Point 1: While the downstream impact of implementing the current approach is potentially significant, the novelty of the study is subtle. The techniques utilized in this study are all well-established and heavily relied upon in the field. The novelty of the current approach lies largely in the choice of primers and the identification of conserved genomic regions in which to place them. Rational primer design is referenced throughout the manuscript, but the process is not described. While it is clear that the authors are not intending to introduce a pipeline for primer design but rather a comprehensive set of primers and protocols, a discussion of how the primers were designed, screened, and selected seems relevant. Especially because the primer choices represent a key component of the novelty of this study. 

Response 1: We acknowledged the reviewer's suggestions and, in addition to the short section in the results about rational primer design, we now included a more detailed description on how we designed, screened, and selected the introduced primers (see Methods, page 3-4, lines 135-173).

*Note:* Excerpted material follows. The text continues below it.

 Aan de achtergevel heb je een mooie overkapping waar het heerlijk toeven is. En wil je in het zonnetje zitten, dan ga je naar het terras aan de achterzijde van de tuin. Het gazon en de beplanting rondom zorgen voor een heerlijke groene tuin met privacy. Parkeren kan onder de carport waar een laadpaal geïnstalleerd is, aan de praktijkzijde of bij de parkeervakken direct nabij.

Point 2: The relatively small sample size in the study is a weakness in the validation of the authors’ approach. The 23 samples used in the study represent a range of subtypes which is compelling in the argument that this approach is broadly/universally applicable. However, even within the small sample set, a varying-number-of-amplicons strategy is necessary for near full genome amplification in all samples. This manuscript is not introducing a pipeline for designing multiple-amplicon strategies but rather a set of primers and protocols to be broadly applied as an NFGS strategy. With this in mind, a more thorough discussion of why the authors believe that the presented primers and strategy will be robust on a larger sample set in any or all of these subtypes would seem warranted. This may tie in naturally with the response to the previous comment.

Response 2: We thank the reviewer for bringing up this important point. We included a more thorough discussion of why we believe the introduced primers and NFGS strategy are suited for a broader use (Discussion, page 20, lines 512-520).

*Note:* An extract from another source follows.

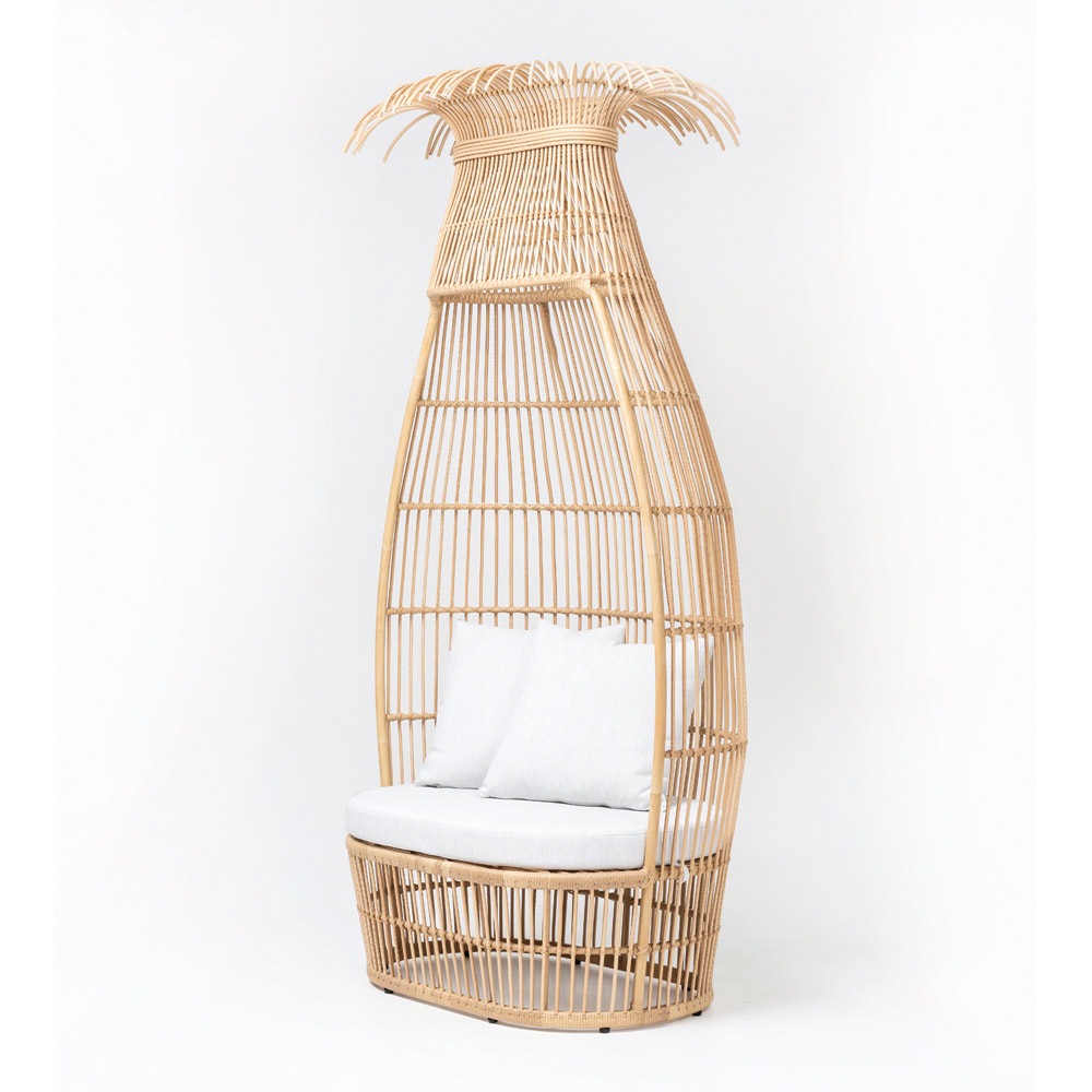 Este sillón de jardín es un verdadero nido de elegancia y comodidad . Su alta estructura ovalada, expertamente elaborada en poli ratán, evoca imágenes de exóticos retiros en la playa y se integra armoniosamente en el entorno exterior. El diseño abierto y aireado garantiza la circulación del aire y la luz, mientras que la forma curva proporciona una sensación de protección y privacidad.

Point 3: Next generation sequencing validation was performed on a MinIon device. Next generation sequencing on other devices such as an Illumina Nextera is more sensitive and capable of identifying minority variants in quasispecies populations. Additional comments on why the authors expect their method to capture minority variants at rates detectable by state-of-the-art NGS systems would be helpful to the discussion as the methods described here remain un-tested for this important downstream application.

Response 3: The authors agree with the reviewer that the sensitive detection of quasispecies using state-of-the-art NGS platforms is of central importance to the field. We included additional information on how our approach can fit in with such downstream procedures (Discussion, page 20, lines 536-539).

Point 4: Figure 3 should mention what samples/subtypes were used to amplify the fragments shown on the gels.

Response 4: We thank the reviewer for the careful editing of the manuscript. We added the requested information to the figure legend.

Point 5: The significance of the bootscan plots in Figure 5 could be better explained in the text.

Response 5: As requested by the reviewer, we gave additional explanations on the significance of the bootscan plots in Figure 5 in the respective section of Results (page 19, lines 468-473). The main significance of the comparative bootscan plots was to compare the NFGS results across platforms in terms of accurate subtype/recombinant form determination.